Pero insistimos, este nuevo gobierno tiene una clara impronta anti-obrera. Ya se ha cuadrado con la flexibilidad laboral y no existe ninguna medida seria en cuanto a restringir la subcontratación. Se quiere promover un Acuerdo Nacional para flexibilizar el trabajo de mujeres y jóvenes, para desatar la superexplotación entre dichos sectores de masas.

El Nuevo Pacto de Bachelet plantea que "las relaciones laborales deben estar basadas en la reciprocidad y la cooperación, pues las dos partes son socios en el desarrollo de la empresa y en el progreso de los trabajadores", más adelante indica que promoveran "el desarrollo de un sindicalismo fuerte y moderno como elemento central de las relaciones laborales".

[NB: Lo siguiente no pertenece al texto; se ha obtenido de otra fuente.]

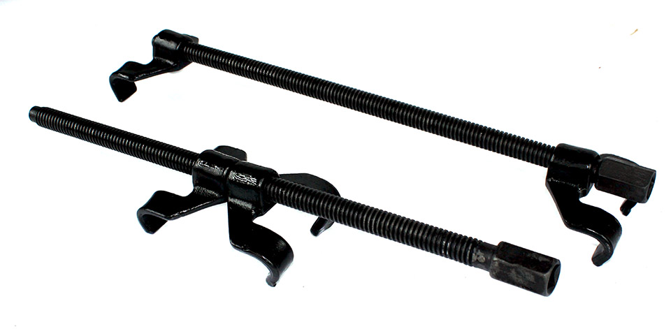 Пружинні компресори необхідні для професійного обслуговування шасі. Адаптований до всіх типів пружин у стійках McPherson і незалежних пружин. Знімач працює з тріскачкою 1/2 дюйма. Має дрібну різьбу, що полегшує роботу під навантаженням пружини. Робота безпечна завдяки спеціально профільованим двостороннім рукояткам.
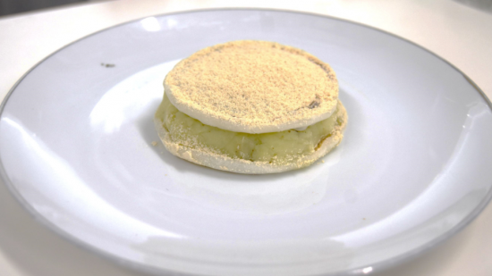 別海町の良さを知ってもらうために、和菓子といえば…のどら焼きを作りました。生地を作る際に、本来は水を使うところを牛乳にすることで味をまろやかにし、カルシウムやビタミンBを摂取できます。また、あんこにカッテージチーズを混ぜることで、あんこに足りない栄養を牛乳で補っています。
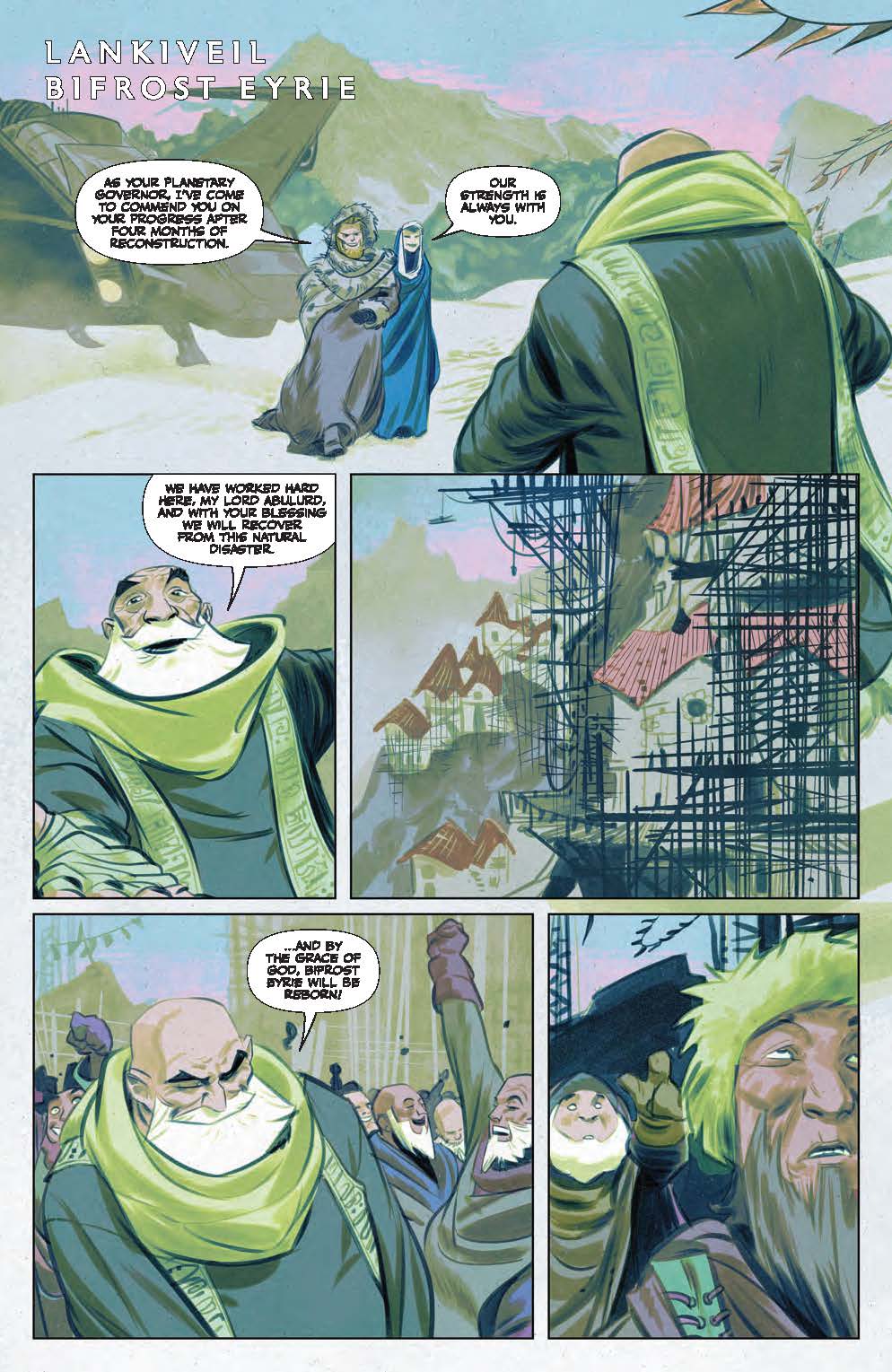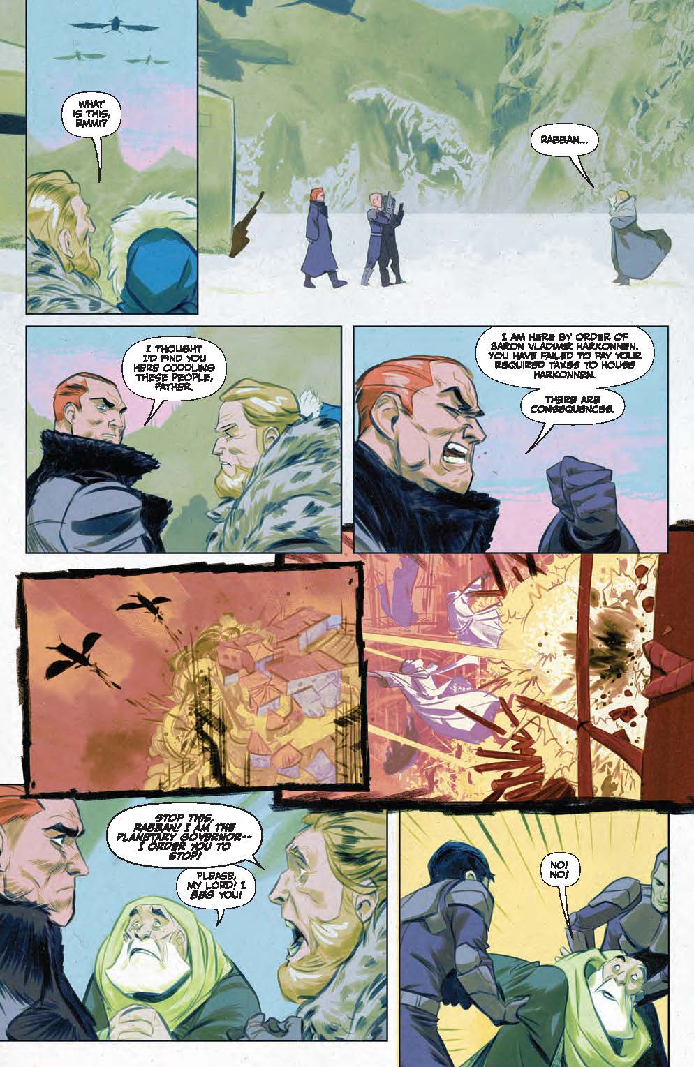 Of course, considering just how many characters within this comic’s considerably sized cast repeatedly mention events moving on ‘a year and a half’, the writers could have simply pushed everything in this book forward by that amount of time simultaneously. However, if that’s the case it has been very clumsily implemented, as at Lankiveil the audience are shown Rabban mercilessly destroying the settlement’s reconstruction some four months after its inhabitants first started repairs, before being hurled the obligatory eighteen months into the future and are then pushed a further eight weeks forwards to see Lord Abulurd’s wife announce her surprising pregnancy.

Esto es el Pacto Social Para el Desarrollo, para lo cual necesitan del apoyo de la CUT para mantener el sometimiento de la clase obrera y garantizar orden y estabilidad para la inversión de los grandes monopolios. La oferta consiste que de aquí a veinte años más "tal vez" podamos vivir en un país desarrollado. Mientras tanto, tenemos que sacrificarnos "todos".

Por lo visto, este Nuevo Pacto Social busca mantener el modelo de superexplotación, con algún grado de compensación social de manera tal de poder apaciguar el actual repunte en la lucha de clases. Es por ello también que este nuevo gobierno debe aplicar modalidades fascistas e incluso corporativizar las centrales sindicales (con la evidente colaboración de la aristocracia obrera encabezada por el vende-obrero Arturo Martínez).

También se ha creado una comisión que estudiará la forma de realizar una reforma al sistema previsional. Sin embargo, a esta comisión fue convocado hasta un ex ministro de hacienda de Pinochet (que también forma parte del directorio de AFP Habitat). Conclusión: no existe ninguna garantía cierta que esta reforma favorezca a la clase obrera y al conjunto del pueblo trabajador. Lo más seguro es que terminará perjudicando a otras capas de trabajadores no proletarios, y difícilmente se tocaran los intereses de los grandes grupos monopólicos nacionales o extranjeros.

Frente a un gobierno burgués, no importa si es una mujer o un hombre quien presida. La composición de este gobierno, desde el punto de vista de clase, no augura nada bueno para el pueblo.

Ya ha quedado en evidencia la actitud del gobierno frente a la represión de las movilizaciones de los sin casa, que el Ministro del Interior, Andrés Zaldivar, calificó como "prudente, eficiente y oportuna". Se insiste en criminalizar la lucha de las masas obreras y populares.

La transformación radical de esta situación desfavorable para el pueblo no pasa por el cambio de tal o cual gobierno. Sin la destrucción total del estado, de la dictadura de la gran burguesía pro-imperialista, nada puede cambiar para la clase y el pueblo.
Los comunistas tenemos ante nosotros la tarea de persistir ante las masas populares en el esclarecimiento y denuncia del carácter de clase de este nuevo gobierno y la naturaleza corporativizante del Estado burgués. Esta tarea debe ser desarrollada con paciencia y persuasión pero no al margen de la lucha de clases, no sin dar la lucha permanente contra el oportunismo y el revisionismo.

Contra el Nuevo Pacto Social ¡¡Viva la protesta obrera y popular!!